Fiquei surpreendido ao saber que nalguns bares espanhóis começa a ser usual haver uma imagem de São Pancrácio. Dizem que é para pedir sorte ao jogo. Jogos sociais e jogos de azar estão ligados a uma figura que não tem nada a ver com o jogo. De facto, o pobre Pancrácio, pobre porque o decapitaram por ser cristão, era rico. Herdou uma grande fortuna e enriqueceu ainda mais quando foi para Roma pela mão do seu tio protetor. O imperador Dicocleciano tentou que o jovem abjurasse a sua religião, mas não conseguiu. Além disso também não apreciou muito o facto de andar a distribuir a sua riqueza pelos pobres da cidade. Resultado? Uma cabeça a menos e um santo a mais. Depois o tempo encarregou-se do resto. A lenda cresceu, frutificou, e Pancrácio tornou-se no arauto da sorte. Sorte ao jogo, sorte ao trabalho para quem não tem e sorte na saúde. O santo porta um livro aberto onde se pode ler "Veni ad me et ego dabo vobis omnia bona" (Vinde a mim e eu darei todos os bens). Uma frase bíblica que deve ter sido distorcida, levando os seus admiradores, fãs ou fiéis a desejar ter sorte da maneira mais fácil, ao jogo! Logo, rezam e pedem ao São Pancrácio bens, dinheiro, mas também trabalho e saúde.

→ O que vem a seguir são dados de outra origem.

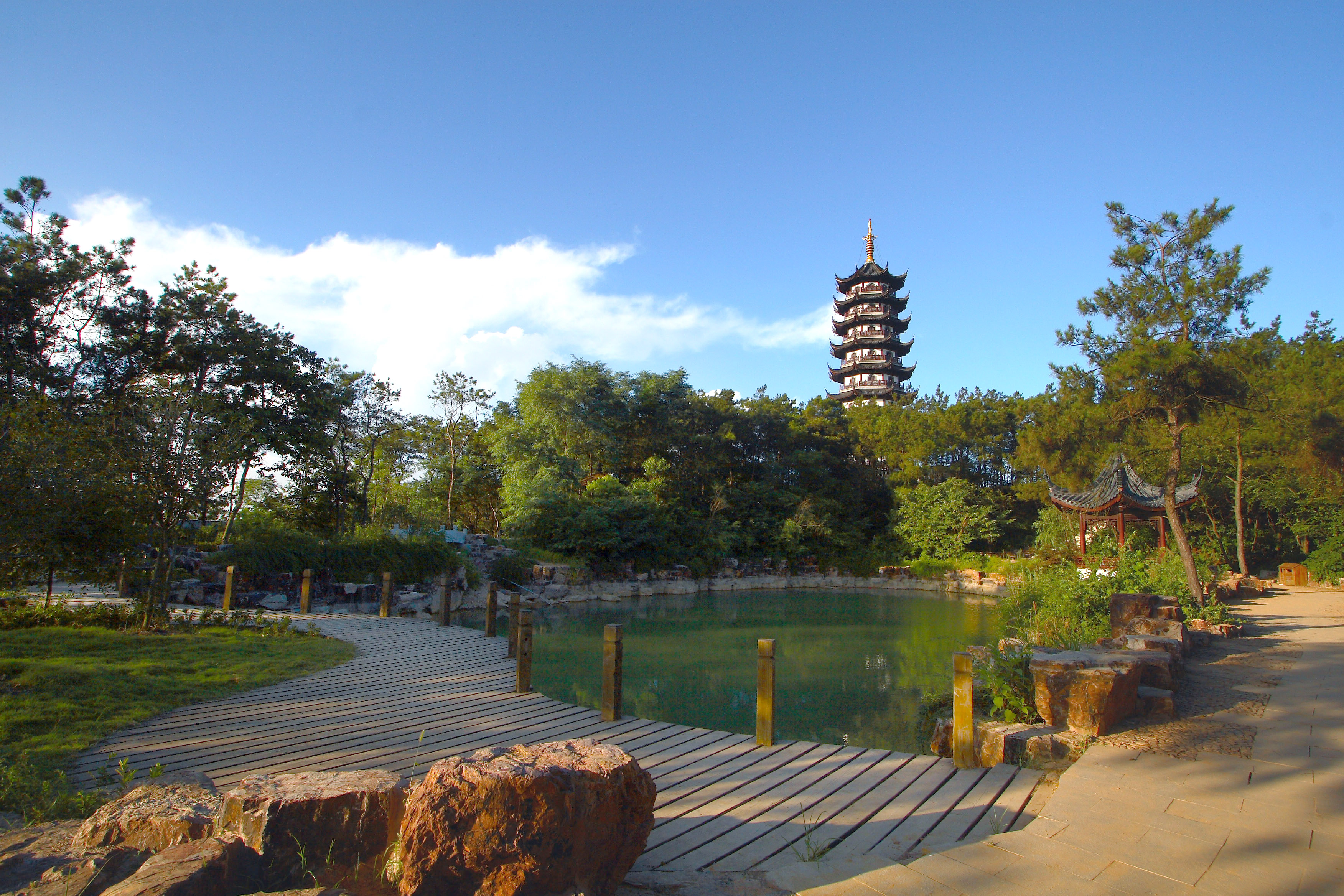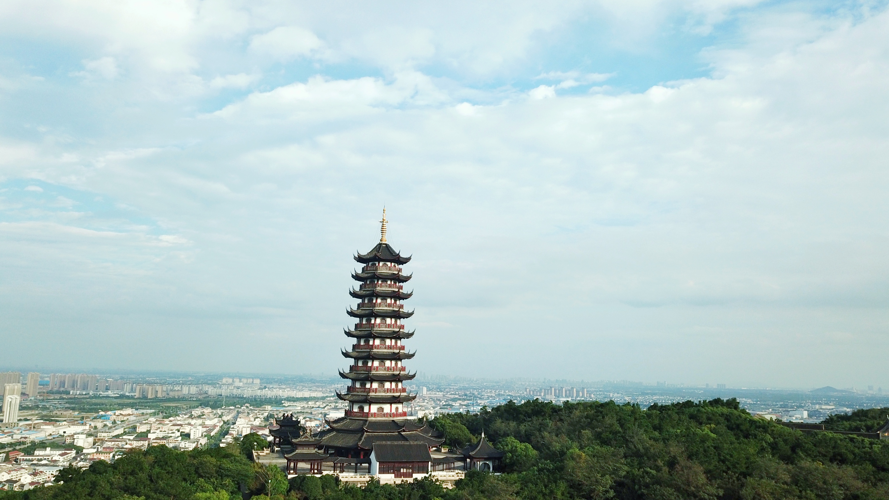 2005年6月8日奠基,2006年6月底竣工。塔身飞檐翘角,金色塔刹,八面九级,塔檐高49.8米,塔顶高64.8米,为明清楼阁式江南宝塔,望去有琼楼玉宇之感。登塔可聆听八面来风,而江南秀色尽收眼底。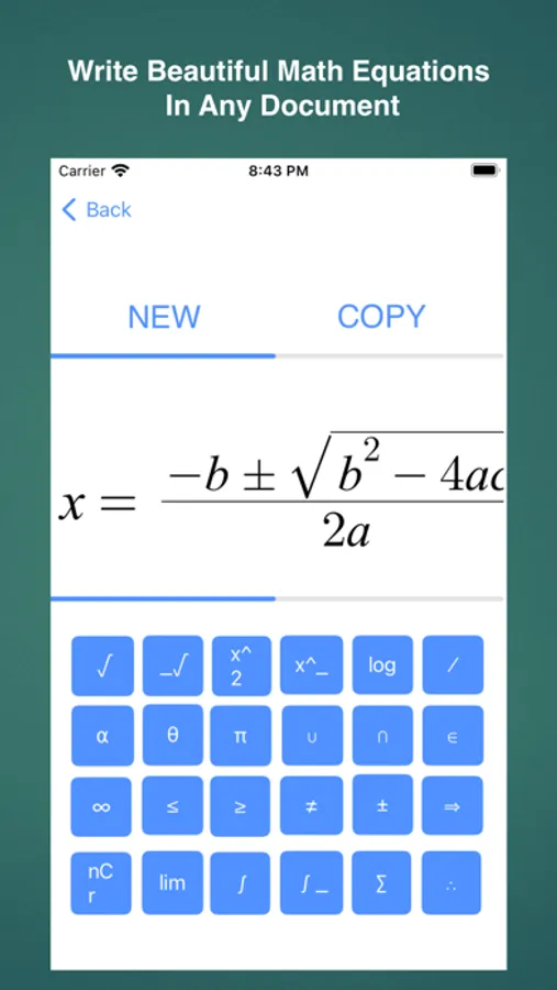 MATH Keys is a completely free online equation editor that allows users to write mathematical equations, formulas, and symbols online! Our mission is to boost productivity in academic life whether that is for teachers, graduates, or students.

Atendendo ao facto de os portugueses serem amantes de ganhos fáceis, basta ver a obsessão que têm por tudo o que é jogo, raspadinhas, euromilhões, concursos e entretenimentos televisivos, só para falar dos mais comuns, sugeria que São Pancrácio fosse oficialmente considerado como patrono dos portugueses. E como também tem atributos em matéria de trabalho, ajudando os que não tem, e são centenas de milhares os portugueses a viverem no desconforto e miséria do desemprego, logo, mais uma razão para o elevar a santo patrono de Portugal. Vá lá, por acréscimo, também ajuda na saúde, o que nos tempos que correm é uma benesse.
Já vi um ou outro São Pancrácio em algumas montras, tosco e inexpressivo devido à frieza do marfinite. Com aquele aspeto não deve ajudar muito. Vou ver se consigo arranjar um mais esbelto, elegante e com cheiro a arte, não para ter sorte, mas para meditar sobre a mesma e gozar a arte. Não vai ser fácil. Quem sabe se não consigo despertar a atenção de alguns santeiros capazes de produzir Pancrácios para dar sorte aos portugueses. E se os portugueses não aderirem, o que não acredito, sempre podem exportar para Espanha. Bares não faltam naquele país. Pelo andar da carruagem qualquer dia passam a ser capelas dedicadas a São Pancrácio.